You'll find the same problem there too.

Scott
--
Scott James Remnant
<email address hidden>

Apologies for the delay in replying but I've been away for the last week.

I fully take on board your comments and have reviewed the code in util-linux-ng-2.15, noting that libblkid now uses a completely rewritten method of probing for file systems.

It's clear that this problem stems from the new detection routines in libs/blkid/src/probers/vfat.c. At the end of this file the struct blkid_idinfo is declared with some magic search strings. In particular, 2 patterns are defined to match the single byte jmp/bra opcodes at the start of a DOS boot sector. My /dev/sdb1 partition was once formatted for DOS and so matches these patterns and consequently the function probe_vfat is called.

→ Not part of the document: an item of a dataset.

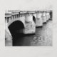 Photographie en noir et blanc de la Seine à Paris qui coule sous les piliers de pierre d'un pont.

For these simple patterns the function probe_fat_nomagic is called to filter out false positives. In normal circumstances only MSDOS 2 and earlier floppies should be detected by this function. A very important feature of these disks is the boot signature - bytes 0x55, 0xaa at the end of the 1st sector which indicate to the BIOS that the disk is bootable. All MSDOS floppies have these bytes but the function probe_fat_nomagic doesn't test for them.

When I used gparted to reformat this DOS partition to ext2 it overwrote the MSDOS system name (offset 3), the FAT16 magic signature (offset 0x36) and the boot signature at offset 0x1fe but left the BPB intact, which causes the confusion. To fix this I wrote a small patch which I have attached.

I sincerely hope that you can add this to the 9.10 release in case it affects many other users with older systems.

On Mon, 2009-09-28 at 15:15 +0000, Lawrence Rust wrote:

> I sincerely hope that you can add this to the 9.10 release in case it
> affects many other users with older systems.
>
It's unfortunately too late to get that into 9.10, but if you could
submit the patch upstream and have it reviewed there - we'll be certain
to pull it in for the next release.

Scott
--
Scott James Remnant
<email address hidden>

The patch has been accepted upstream, is comment 8 still an acceptable backport?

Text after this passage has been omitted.